Then it seems like you've hit the "sweet spot" that many aquarists dream of. Congratulations!


----------



## tylergvolk (Jun 17, 2012)

I really like this tank!

You mention the filter was noisy. How so? What did you do to calm it down?

http://m.youtube.com/#/watch?v=bGFUF-GUYjY&desktop_uri=/watch?v=bGFUF-GUYjY

Where can I buy this tank?


----------



## tylergvolk (Jun 17, 2012)

Subscribed. Inspired to try a nano. I love the low maintenance of this tank. Very cool. Keep us updated periodically.


----------



## orchidman (Dec 15, 2010)

tylergvolk said:


> I really like this tank!
> 
> You mention the filter was noisy. How so? What did you do to calm it down?
> 
> ...


he lives in scotland...not sure if its available in the US. its similar to the aqueon evolve though.


----------



## Siggav (Jun 29, 2009)

I took out the filter and bought a new quieter one. Don't know where to buy the tank. Like I said at the start it was a practical fishkeeping magazine subscription gift for me

Also Im a she not a he but yes I live in Scotland


----------



## LyzzaRyzz (Nov 6, 2012)

Wow, nice tank!
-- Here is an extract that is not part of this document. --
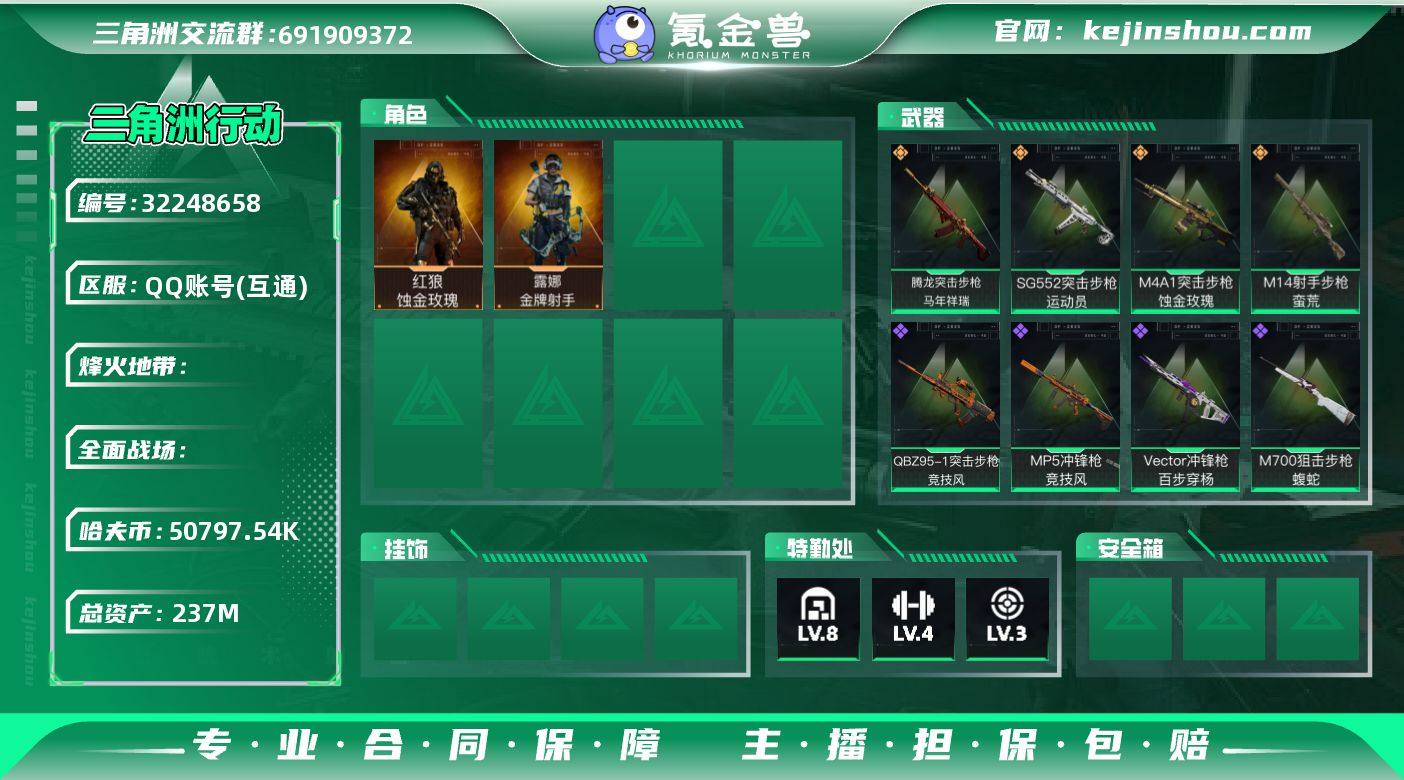 总资产:237.6M,哈夫币:5079W,传说武器8,史诗武器8,武器皮肤129;烽火60级:黑鹰Ⅰ,战场:暂无段位,【安全箱】进阶安全箱;【特勤处等级】仓库LV.8,靶场LV.4,训练中心LV.3,收藏室LV.1,潜水中心LV.1;【捆绑包2】蚀金玫瑰捆绑包,缄花捆绑包;【干员皮肤2】红狼蚀金玫瑰,露娜金牌射手;【近战皮肤1】近战武器-黑鹰;【步枪皮肤55】M4A1突击步枪-蚀金玫瑰,SG552突击步枪-运动员,腾龙突击步枪-马年祥瑞,K416突击步枪-阿萨拉特攻,K416突击步枪-冬日风情,M7战斗步枪-百步穿杨,SG552突击步枪-深海恐惧,SCAR-H战斗步枪-囚徒,G3战斗步枪-哈夫克警备,G3战斗步枪-流沙送葬,ASVal突击步枪-百步穿杨;【冲锋枪皮肤23】MP5冲锋枪-竞技风,Vector冲锋枪-百步穿杨,MP7冲锋枪-六套之力;【射手步枪皮肤16】M14射手步枪-蛮荒,M14射手步枪-缄花,SR-25射手步枪-缄花,VSS射手步枪-丛影谍踪,M14射手步枪-工业狂潮,M14射手步枪-航天庆典;【狙击步枪皮肤9】M700狙击步枪-蝮蛇,M700狙击步枪-哈夫克警备,M700狙击步枪-百步穿杨,AWM狙击步枪-流沙送葬;【轻机枪皮肤9】M249轻机枪-丛影谍踪,QJB201轻机枪-炽焰;【手枪皮肤11】.357左轮-缄花,G18-马年祥瑞,沙漠之鹰-曙光;【挂饰18】狻猊,黄金视野,赤霄游龙,挂饰-蚀金玫瑰,仪典匕首,挂饰-雪人,汤圆,北非蛋,饺子,挂饰-卡皮巴拉,马到成功,挂饰-缄花,暗行哨兵,崩岩重炮,福禄,聚宝盆;【载具10】轮式突击炮-巅峰竞赛,M1A4坦克-巅峰竞赛,侦察直升机-酒红,M1A4坦克-烟火2026,GTQ35坦克-烟火2026,突击车-寒梅,轮式突击炮-烟火2026,F45A战斗机-夜间迷彩,侦察直升机-烟火2026,F-45A战斗机-建造;【烽火地带战损比】0.9/1.7/1.3;【货币】36三角币,360三角卷

I love when tanks are low maintenance!
You amanos look super healthy, great work!


----------



## Siggav (Jun 29, 2009)

Update, the tank had a mini meltdown over Xmas, the lights aren't on a timer so when I was away for 2 weeks I figured I'd leave them off since the tank is next to a window anyway. My fish sitter who came to check on the tanks turned the lights on so they were on 24/7 for a while. 

The tank is still pretty to look at and the shrimp are healthy but I think I might need to do stuff to it more than I've been doing. Sorting out the plants some and fertilize. We'll see


----------